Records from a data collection
*** Begin section ***

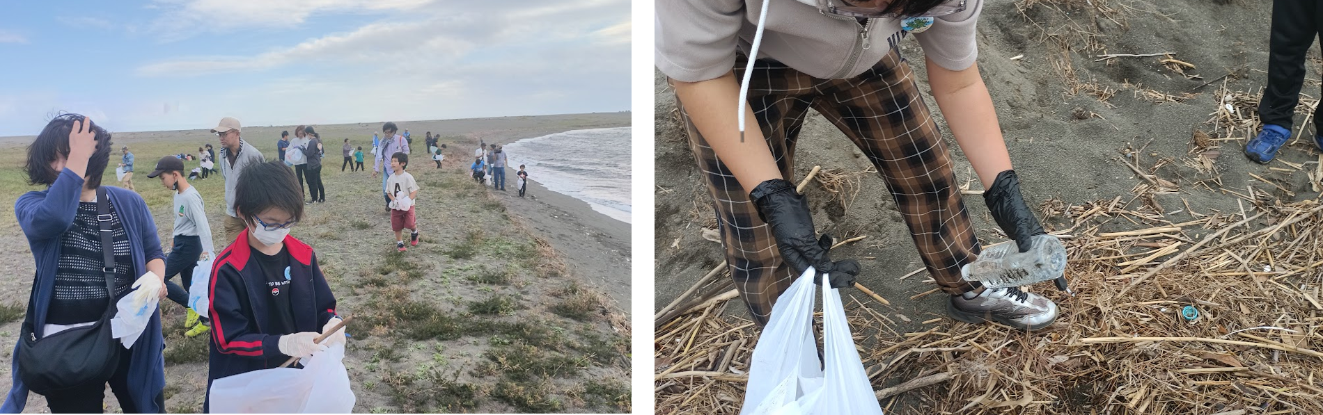 昼食後、一行は相模川の河口がある茅ヶ崎市へ。ここで桂川・相模川流域協議会の峯谷さんから、マイクロプラスチックごみなどの説明を受けました。この辺りの砂浜は海の流れの関係もあって、ごみは少ないものの、河口の岸辺には大量の生活ごみが流れ着くため、ごみ拾いを実施しているということです。そこで、河口でチームに分かれて、ごみ拾いをしてみることにしました。この日も木くずの間には小さなプラスチックごみがあり、中にはタイヤやポリタンクなどの大きなごみもありました。30分程で拾ったごみは合計20キロ。わずかとは言え、海洋ごみになるのを防ぐことができました。子どもたちからは「ごみをもっと減らさないと」「ごみを見つけたら拾うしかない」などの声が聞かれました。
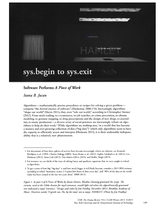 - What happens to theatre in an algorithmically driven world, and what becomes possible when algorithms and the software they constitute are put to work to make theatre? A Piece of Work by Annie Dorsen considers this question an exigent problem to be solved—algorithmically and theatrically.
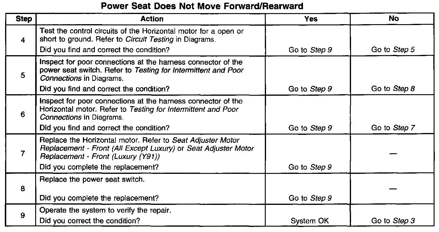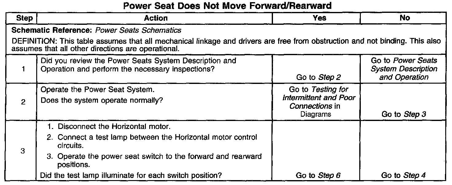Power Seat Does Not Move Forward/Rearward
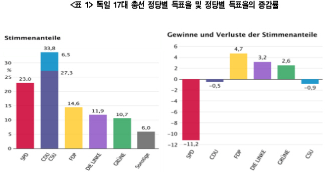 ▲ Stimmenanteile: 득표율, Gewinne und Verluste der Stimmenanteile: 득표율의 증가 및 손실 *SPD: 사회민주당, CDU:기독민주연합, CSU: 기독사회연합, FDP:자유민주당, DIE LINKE: 좌파당, GRÜNE: 녹색당, Sonstige: 그외 |
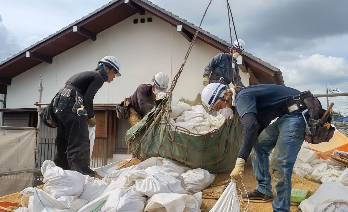 葺き替え工事ですので、まずは既設の瓦屋根を撤去・解体することから始まります。すでに割れやヒビがはいっている瓦があるため、慎重に瓦を外していきます。

*** End section ***

Task brief
Without including any pictures, copy every line above exactly.

Answer space
 昼食後、一行は相模川の河口がある茅ヶ崎市へ。ここで桂川・相模川流域協議会の峯谷さんから、マイクロプラスチックごみなどの説明を受けました。この辺りの砂浜は海の流れの関係もあって、ごみは少ないものの、河口の岸辺には大量の生活ごみが流れ着くため、ごみ拾いを実施しているということです。そこで、河口でチームに分かれて、ごみ拾いをしてみることにしました。この日も木くずの間には小さなプラスチックごみがあり、中にはタイヤやポリタンクなどの大きなごみもありました。30分程で拾ったごみは合計20キロ。わずかとは言え、海洋ごみになるのを防ぐことができました。子どもたちからは「ごみをもっと減らさないと」「ごみを見つけたら拾うしかない」などの声が聞かれました。
 - What happens to theatre in an algorithmically driven world, and what becomes possible when algorithms and the software they constitute are put to work to make theatre? A Piece of Work by Annie Dorsen considers this question an exigent problem to be solved—algorithmically and theatrically.
Power Seat Does Not Move Forward/Rearward
 ▲ Stimmenanteile: 득표율, Gewinne und Verluste der Stimmenanteile: 득표율의 증가 및 손실 *SPD: 사회민주당, CDU:기독민주연합, CSU: 기독사회연합, FDP:자유민주당, DIE LINKE: 좌파당, GRÜNE: 녹색당, Sonstige: 그외 |
 葺き替え工事ですので、まずは既設の瓦屋根を撤去・解体することから始まります。すでに割れやヒビがはいっている瓦があるため、慎重に瓦を外していきます。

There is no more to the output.